Nutrients that are not in this list are detected as O ¹.

Dataset

Random images selected as nutrition images were picked for annotation. Using the list of labels above, more than 3500 images were manually annotated. To learn more about the dataset, have a look at the description of the dataset on Hugging Face.

Robotoff integration

Pre-processing, inference and post-processing

The model was exported to ONNX and is served by Triton server. The model integration in Robotoff can be found in robotoff.prediction.nutrition_extraction module. The predict function ² takes as input the image (as a Pillow Image) and the Google Cloud Vision OCR result (as a OCRResult object).

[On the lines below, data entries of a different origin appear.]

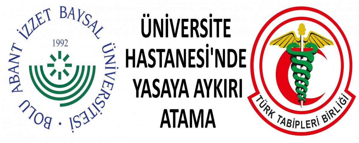 Açıklamada, Bolu Abant İzzet Baysal Üniversitesi Bolu İzzet Baysal Fizik Tedavi ve Rehabilitasyon Eğitim ve Araştırma Hastanesi başhekimliğine yapılan atamanın doktor öğretim üyesi olmasının yasaya aykırılık içerdiği belirtildi. Uzun süredir liyakat ve başarı üzerinden bir yönetici ataması yapılmadığına dikkat çekilen açıklamada, “Siyasi kadroların kendi görüşlerine uygun kişileri devlet yapısının her alanına yerleştirerek kadrolaşma çabaları sürmektedir” denildi.
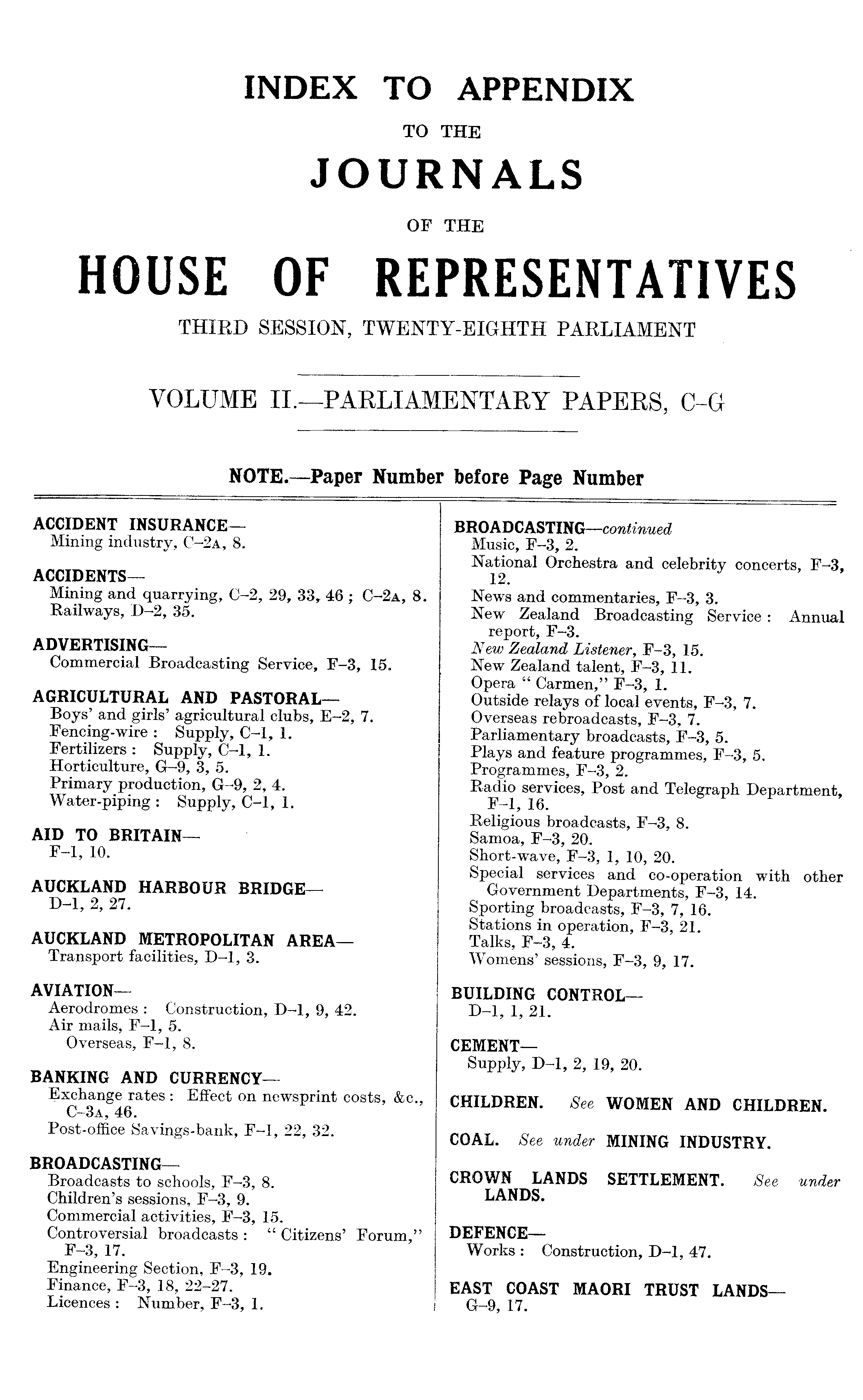 ACCIDENT INSURANCE— Mining industry, C-2a, 8. ACCIDENTS— Mining and quarrying, C-2, 29, 33, 46 ; C-2a, 8. Railways, D-2, 35. ADVERTISING— Commercial Broadcasting Service, F-3, 15. AGRICULTURAL AND PASTORAL— Boys' and girls' agricultural clubs, E-2, 7. Fencing-wire : Supply, C-l, 1. Fertilizers : Supply, C-l, 1. Horticulture, G-9, 3, 5. Primary production, G-9, 2, 4. Water-piping : Supply, C-l, 1. AID TO BRITAIN— F-l, 10. AUCKLAND HARBOUR BRIDGE—- „ D-l, 2, 27. AUCKLAND METROPOLITAN AREA— Transport facilities, D-l, 3. AVIATION— Aerodromes : Construction, D-l, 9, 42. Air mails, F-l, 5. Overseas, F-l, 8. BANKING AND CURRENCY— Exchange rates : Effect on newsprint costs, &c., C-3a, 46. Post-office Savings-bank, F-l, 22, 32. BROADCASTING— Broadcasts to schools, F-3, 8. Children's sessions, F-3, 9. Commercial activities, F-3, 15. Controversial broadcasts : " Citizens' Forum," F-3, 17. Engineering Section, F-3, 19. Finance, F-3, 18, 22-27. Licences : Number, F-3, 1.
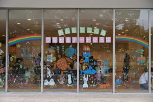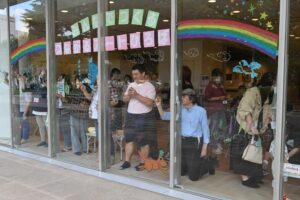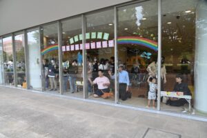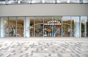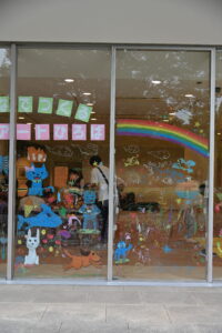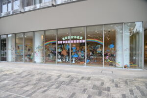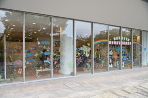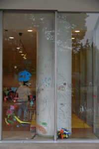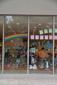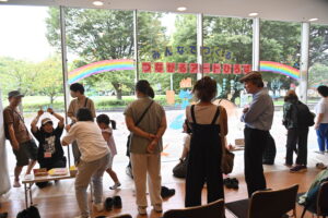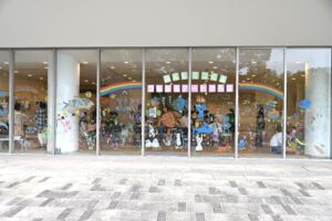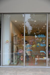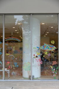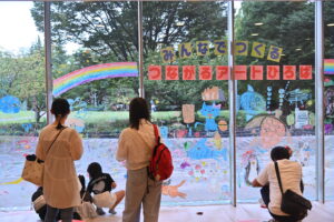 オープニングイベントとなった窓ガラスのお絵描きでは、はなのころメンバーも多数駆け付けました。窓に描いてもすぐに消せるクレヨンのような絵具「キットパス」で、普段は描いてはいけない公共施設の、高さ3メートルはあるであろう大きな窓8面をキャンバスにし、来場者が思いっきりお絵描きしました。
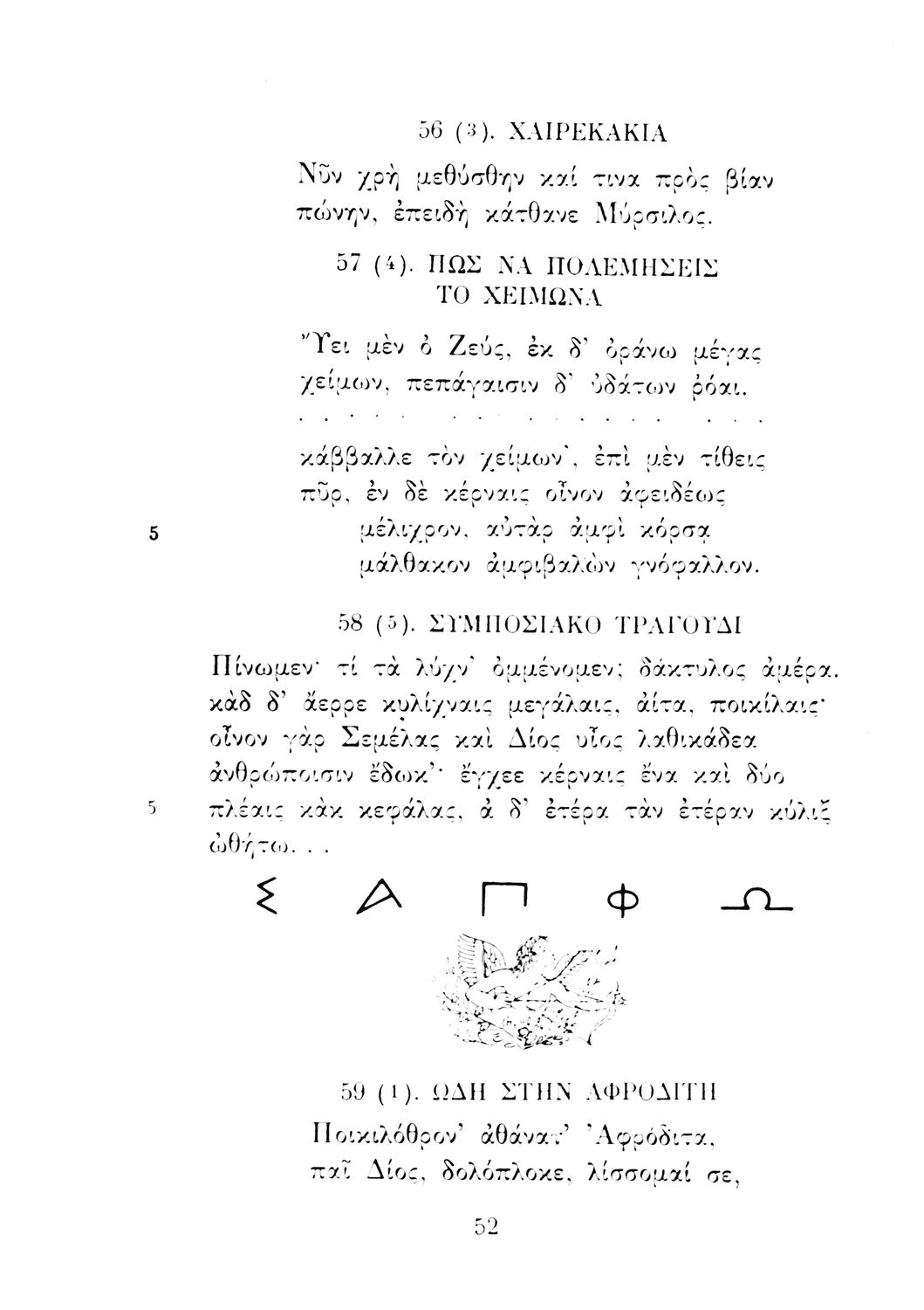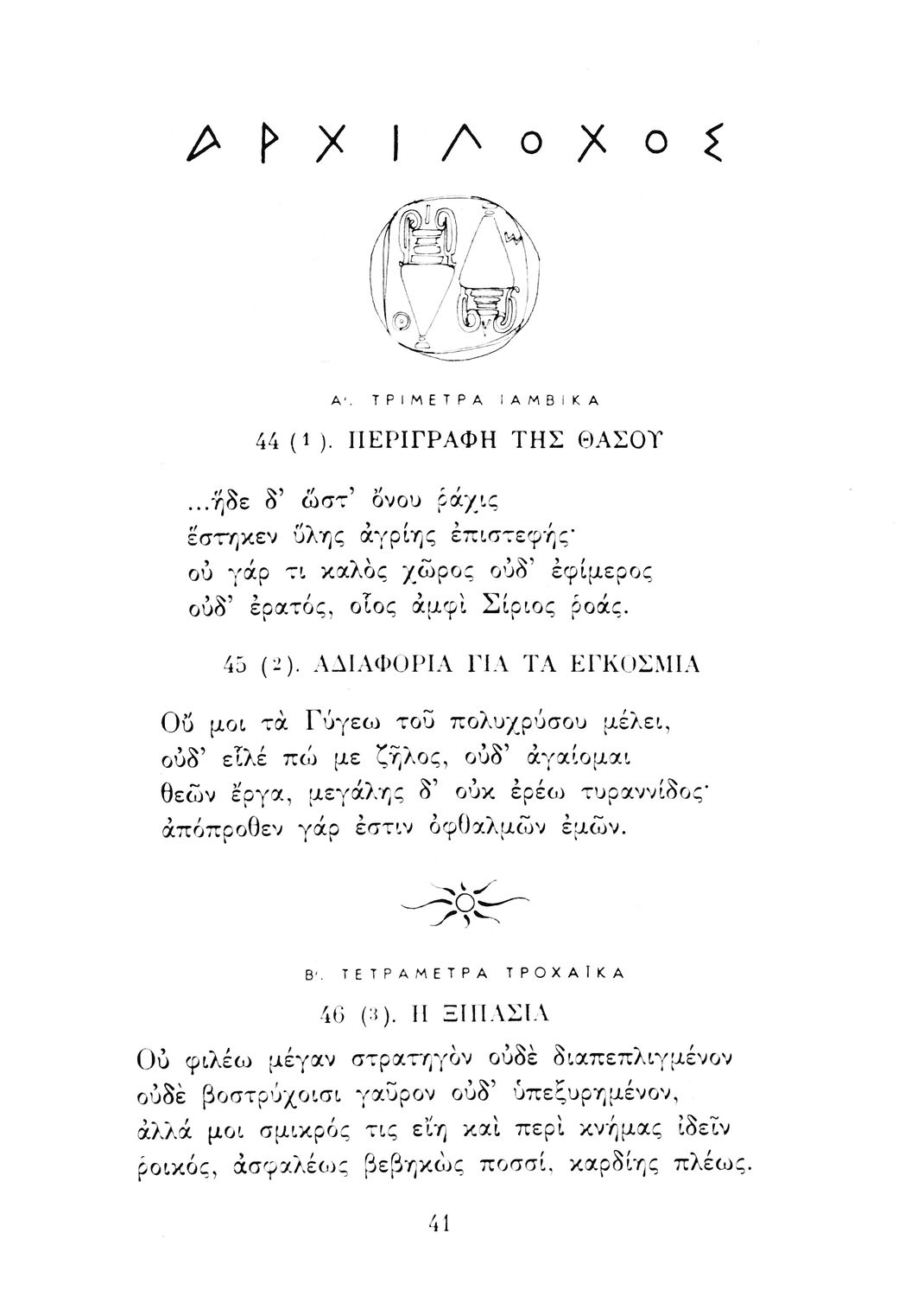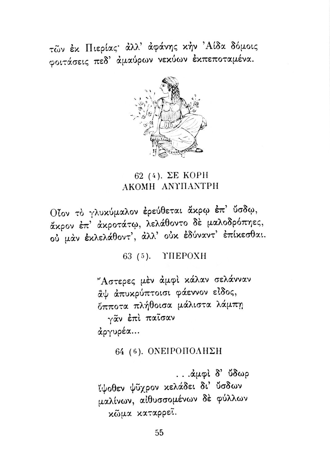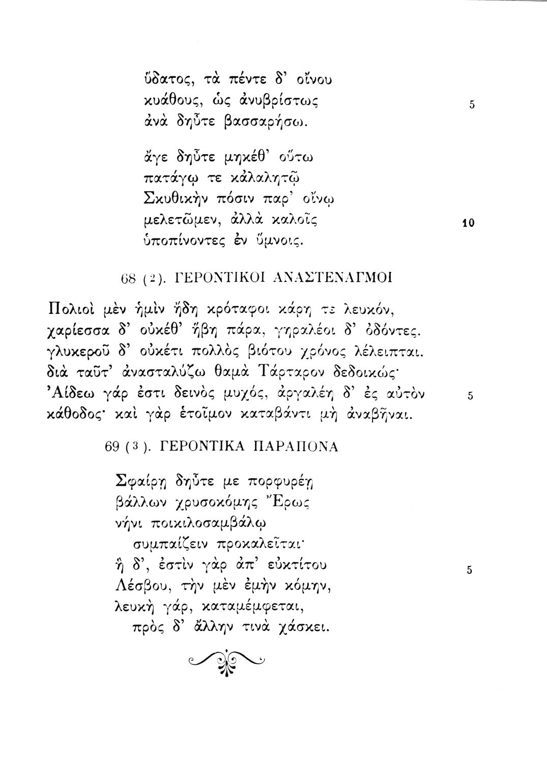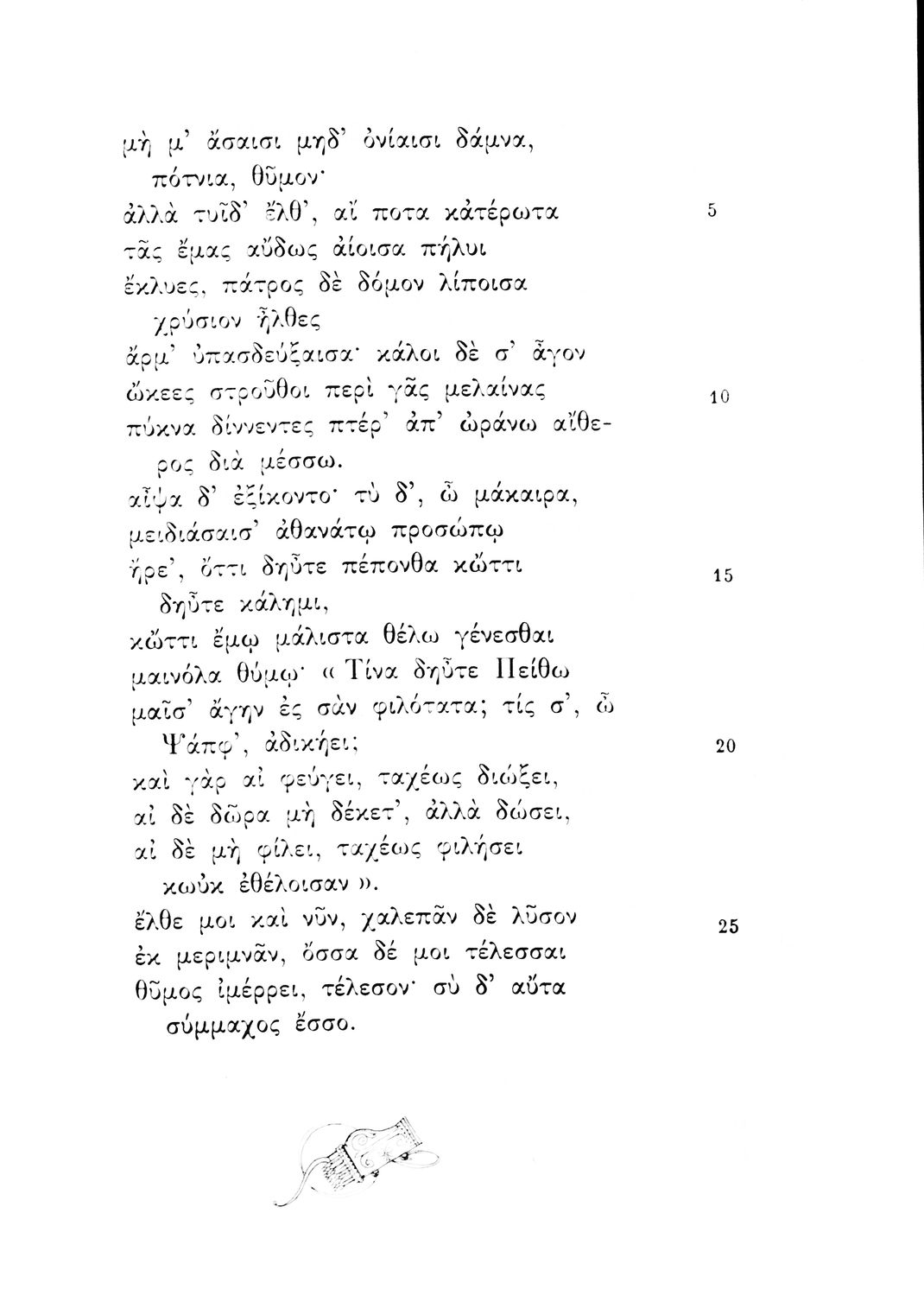 Σχολικό εγχειρίδιο Αρχαίων Ελληνικών Γ΄ Λυκείου που περιλαμβάνει εισαγωγή στη λυρική ποίηση, έργα αρχαίων Ελλήνων ποιητών, ερμηνευτικά και πραγματολογικά σχόλια, και λεξιλογικές παρατηρήσεις. Η εισαγωγή, τα σημειώματα και οι ερμηνευτικές σημειώσεις μεταγλωττίστηκαν από τον επ. Γεν. Επιθεωρητή Μ.Ε. Δορμπαράκη.

When extracting nutrient information from an image, we perform the following steps:

extract the words and their coordinates from the OCR result
preprocess the image, the words and their coordinates using the LayoutLMv3 preprocessor, that takes care of preprocessing the data in the right format for the LayoutLMv3 model
perform the inference: the request is sent to Triton server through gRPC
postprocess the results

Postprocessing includes the following steps:

gather pre-entities from individual labels. There is one pre-entities for each input token.
aggregate entities: the 'O' (OTHER) entity is ignored, and pre-entities with the same entity class are merged together.
post-process entities: we post-process the detected text to correct some known limitations of the model, and we extract the value (ex: 5) and the unit (ex: g) from the entity text.

The predict function returns a NutritionExtractionPrediction dataclass that has two fields:

nutrients contains postprocessed entities that were considered valid during post-processing (the valid field described below is therefore not present).
entities contains the raw pre-entities, the aggregated entities and the post-processed entities (respectively in the raw, aggregated and postprocessed fields). This field is useful for debugging and understanding model predictions.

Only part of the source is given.